BA_Pete_0-1658503499145.png

 

Just hit OK, then select your dim_employee table from the table list and import.

 

Assuming this goes as planned, select the [EMPNO] column in your new dimension table and filter just one value. This should be fast to implement and sets us up a new step with the correct structure.

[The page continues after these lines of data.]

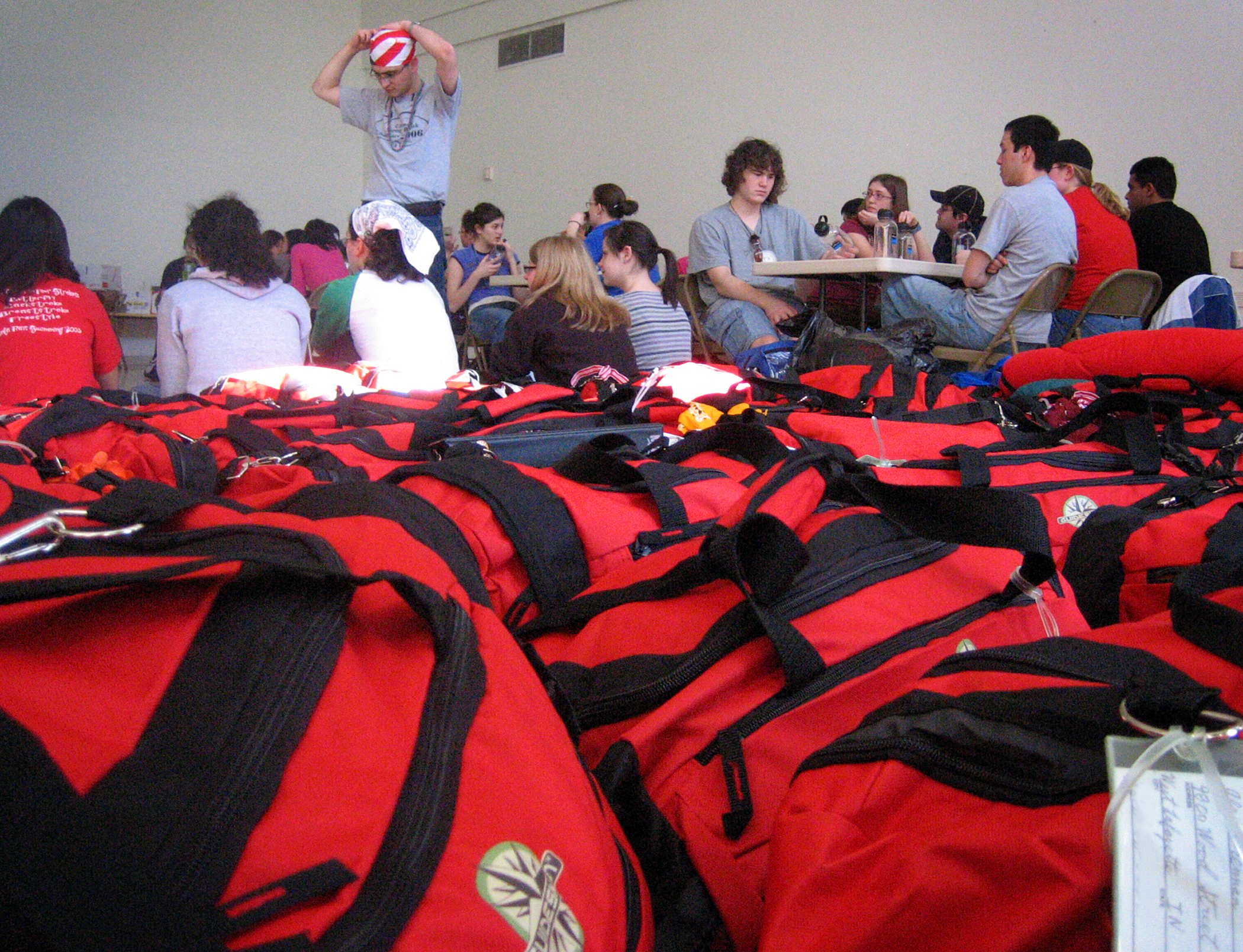 Purdue News Service: (765) 494-2096; purduenews@purdue.edu PHOTO CAPTION: Fifty-one Purdue students arrive at a church in Metairie, La., on Saturday (March 10) to participate in Ultimate Spring Break Challenge 2007. The University Residences event puts students to work rebuilding houses in New Orleans' Ninth Ward, an area flooded by hurricane Katrina. Team leader Rail Shafigulin (standing), a resident assistant at Hawkins Hall who participated in a similar event last year, briefs students in his group about what to expect during the week. (Purdue News Service photo/Jim Schenke)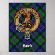 Clan Baird crest badge surrounded by a strap and buckle over tartan background. Custom text.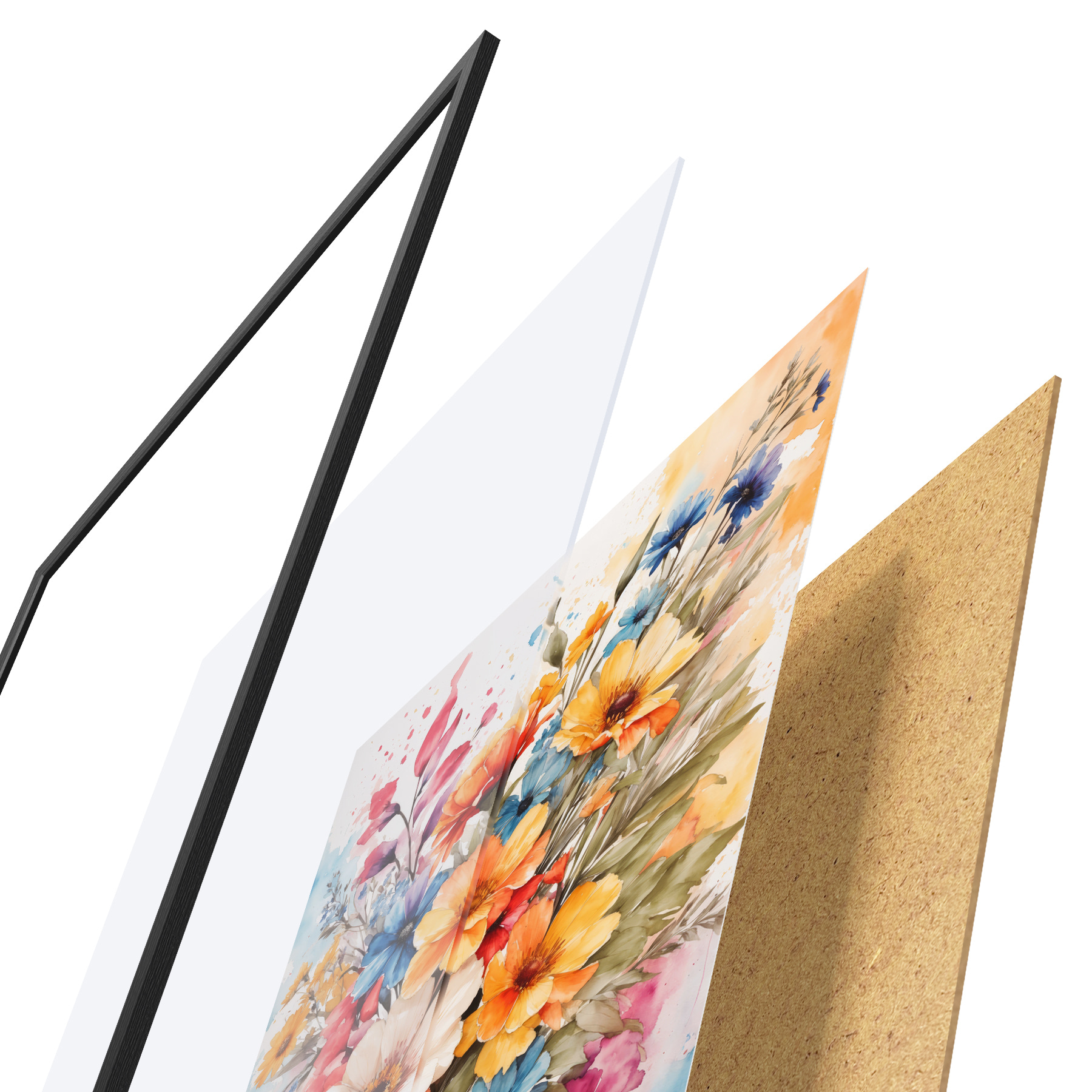 El póster consta de marco, plexiglás, imagen impresa y soporte de aglomerado. El póster puede colgarse inmediatamente en la pared gracias a los soportes de la parte posterior.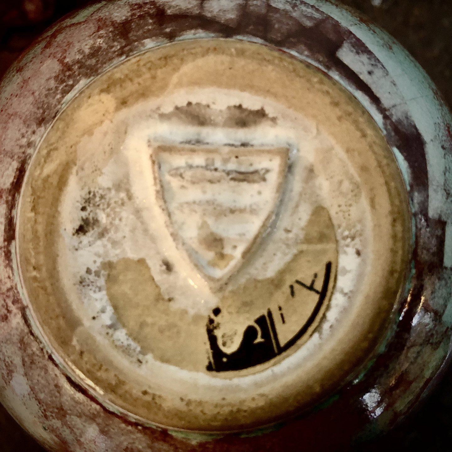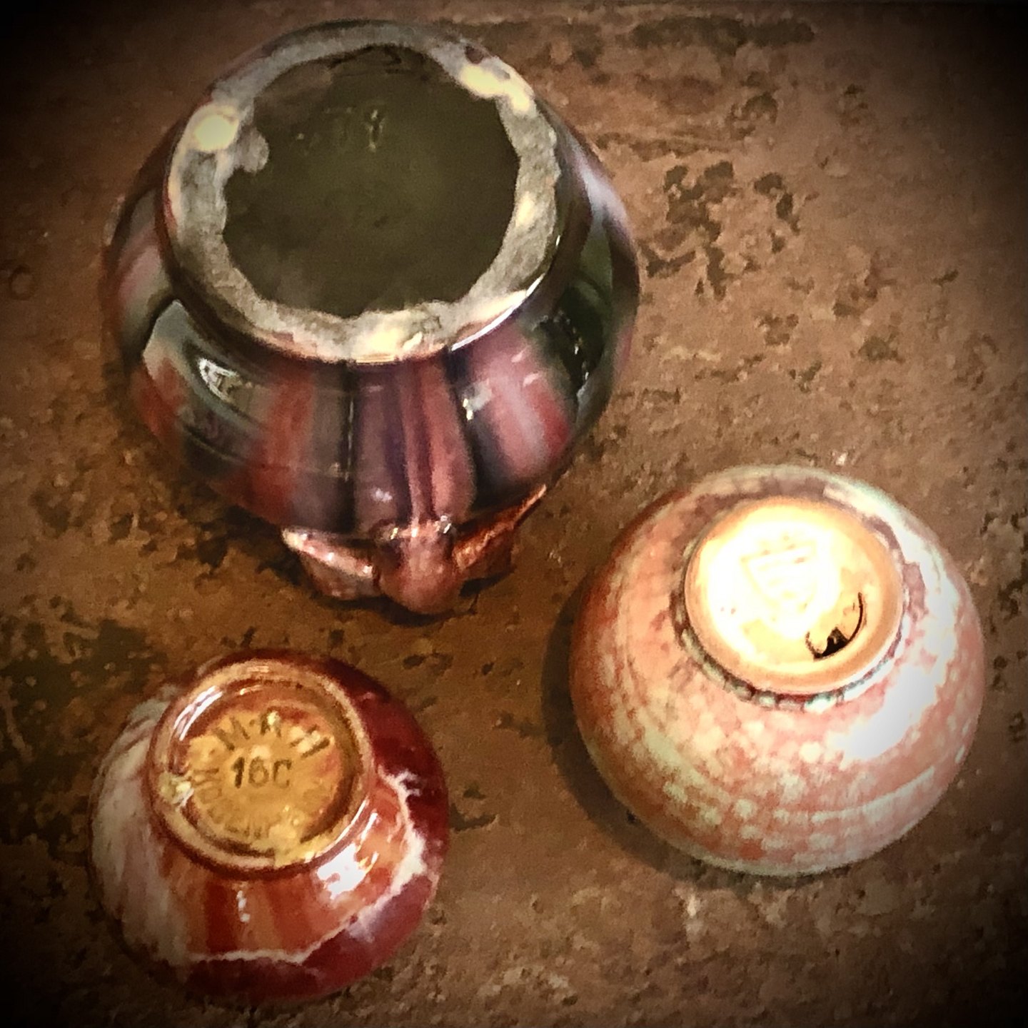 3 dele keamik. Michael Andersen skål med tre fugle. Rødsort løbeglasur .H. 11 cm Ø 14 cm. Pris 1200kr. Lille Michael Anderes vase H. 10 cm. Ø 9,5 cm pris 700 kr. Lille vase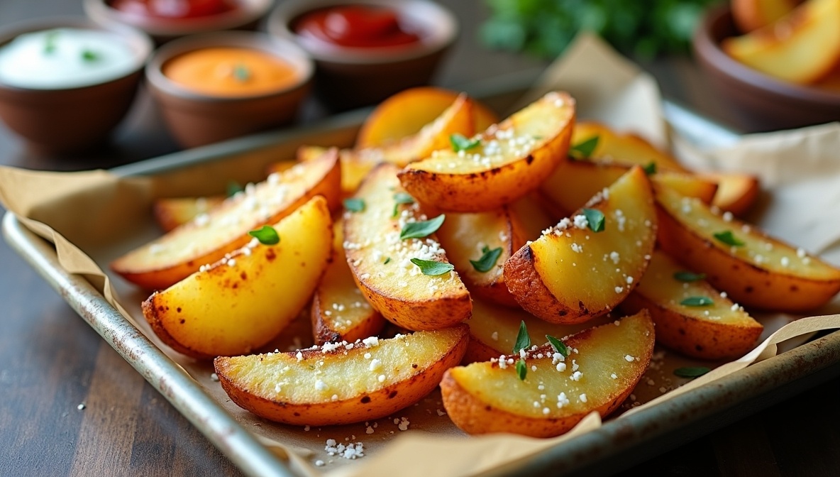Шаг 3: Запекание. Духовку необходимо разогреть до 200–210°C. Выложить картошку на противень в один слой (рекомендуется использовать пергамент или фольгу). Запекать в течение 35–40 минут. Через 25 минут целесообразно перевернуть дольки для равномерного приготовления. Если хочется сырной корочки, за 10 минут до окончания посыпать тертым сыром.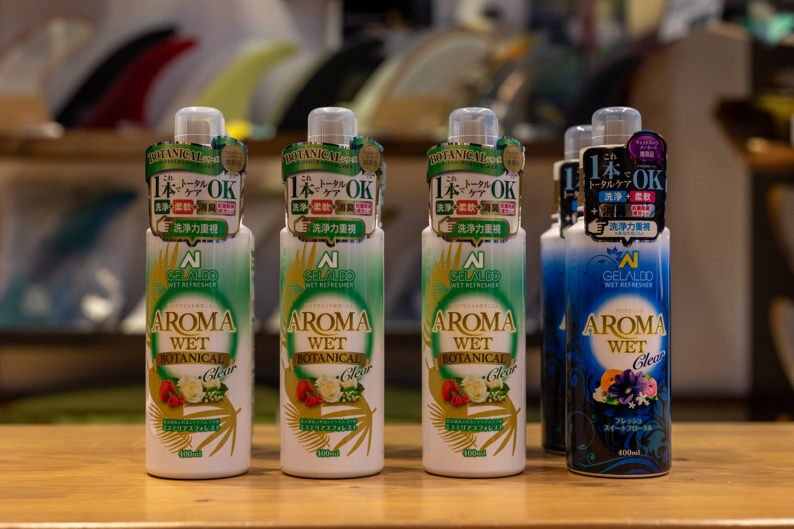 ウェットスーツシャンプー「Aloma wet(アロマウェット)」が入荷し、HANNAH FIRMでは4種類すべてをお取り扱いできるようになりました。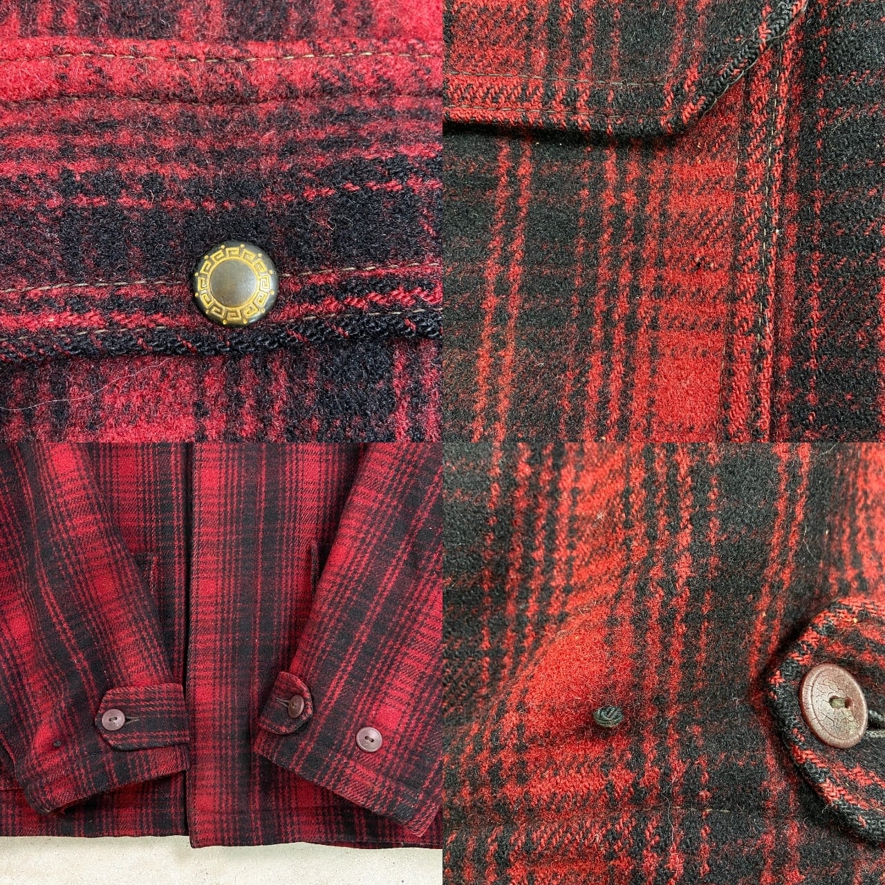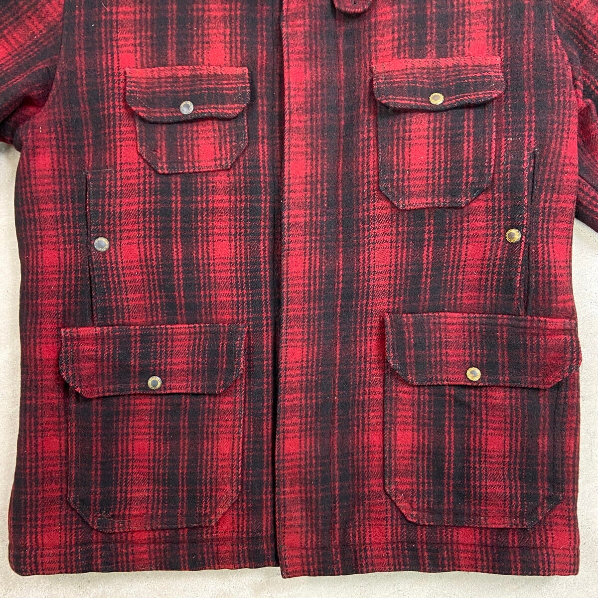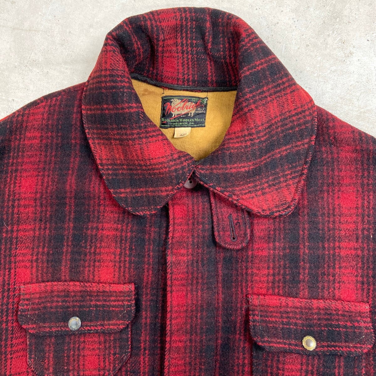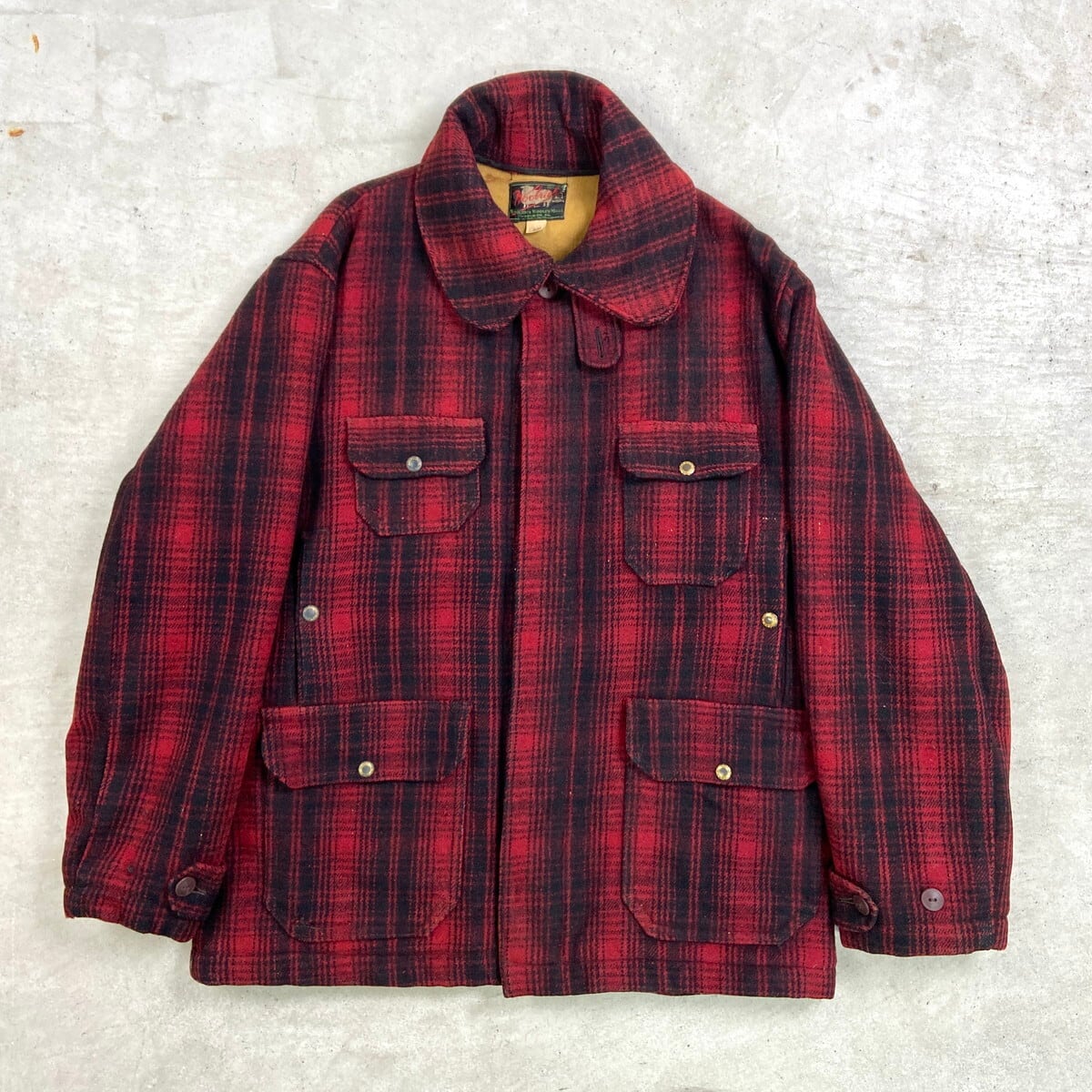■30年代 黒タグ WOOLRICH ウールリッチ バッファローチェック柄 ウールハンティングジャケット メンズXL相当 古着 30s VINTAGE ヴィンテージ アメカジ チンスト付き レッド×ブラック【アウトドアジャケット】/マルチカラー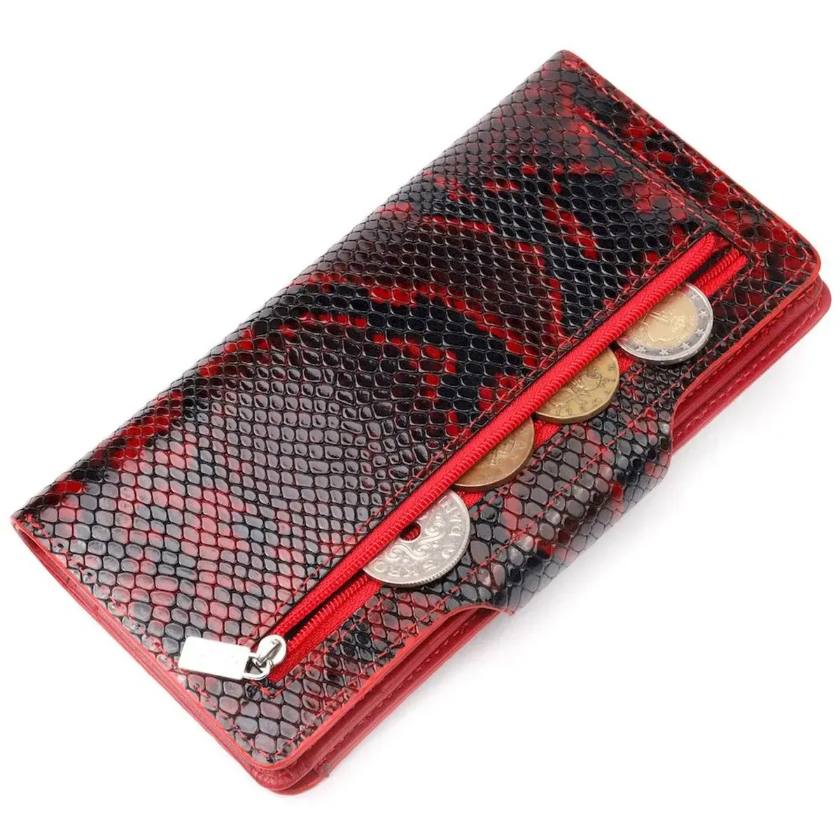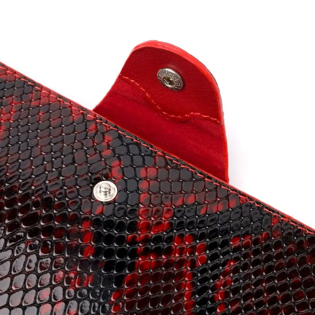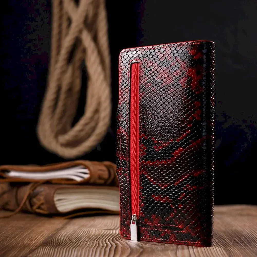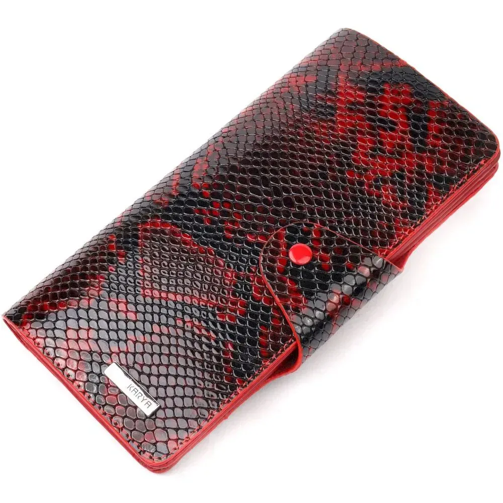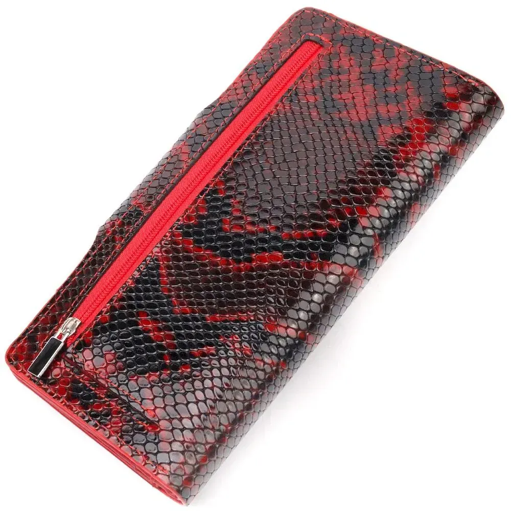 Отличный женский кошелек из натуральной лакированной кожи, с тиснением под змею, в красно-черном цвете. Складывается аксессуар пополам, с фиксацией на хлястик и кнопку. Качественная фурнитура дополняет и украшает изделие. Такой кошелек из натуральной кожи - это идеальный вариант на каждый день для тех, кто ценит качество, удобство и комфорт, а также будет отлично дополнять Ваш повседневный образ.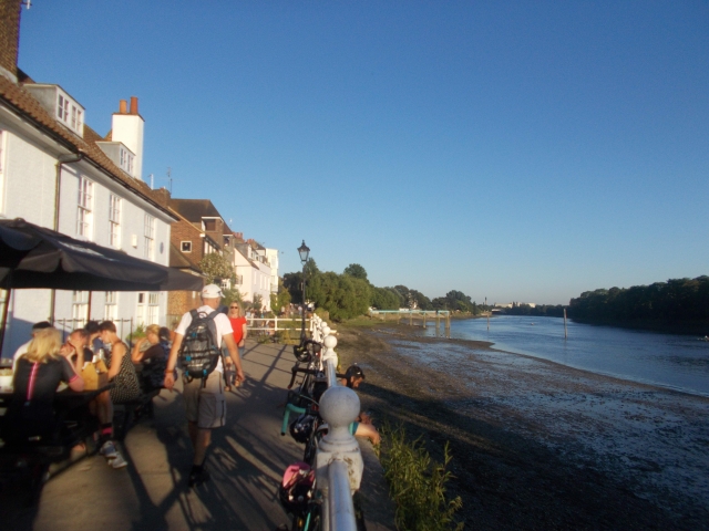 We departed then to cycle across the famous Hackney Marshes, seeing football matches taking place at the largest sports field in the country. Next stop was the Olympic Park, lots of noise from the stadium where West Ham were playing Manchester City. Then onto the historic 18th century Three Mills Island and finally Limehouse as the Lea meets the Thames. We enjoyed some riverside drinks again at the Prospect Of Whitby watching the many vessels glide by. New cyclist Diane joined regulars, Brian, Nick, Coogie and Kerry.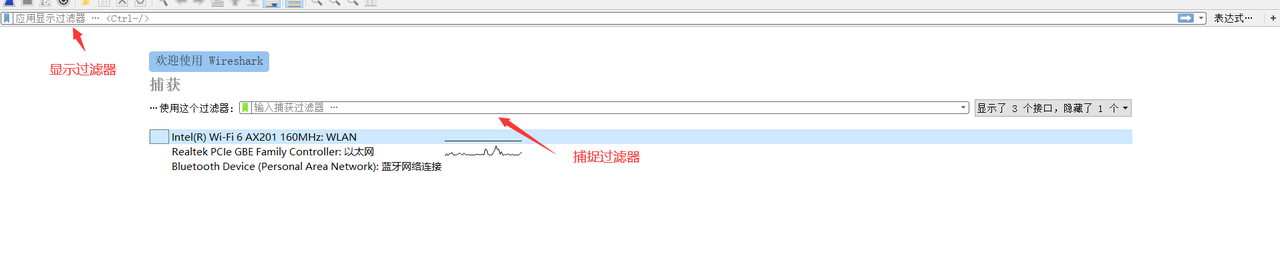 - 显示过滤器 : 会捕捉所有的数据包, 只显示符合过滤规则的数据包

Edit that new step in the formula bar, so it uses our streaming list filter, something like this:

= Table.SelectRows(
    previousStepName,
    each List.Contains( List.Buffer( factTableName[EMPNO] ), [EMPNO] )
)

 

This setup should allow PQ to stream the [EMPNO] values from your Excel source into the SQL native query sent to the SQL source for your dim_employee table.

 

Pete 



Now accepting Kudos! If my post helped you, why not give it a thumbs-up?

Proud to be a Datanaut!




View solution in original post

Hi @LD2022 ,

 

If you right-click your #"Filtered Rows" step, is 'Native Query' now selectable, or is it still greyed-out?

If it's still greyed out, try changing one of the column data types to the same type, but not a text column. For example, change a date type column to date type, or a decimal type column to decimal. This is purely to force PQ to re-evaluate the query and hopefully force it to generate a native query to source.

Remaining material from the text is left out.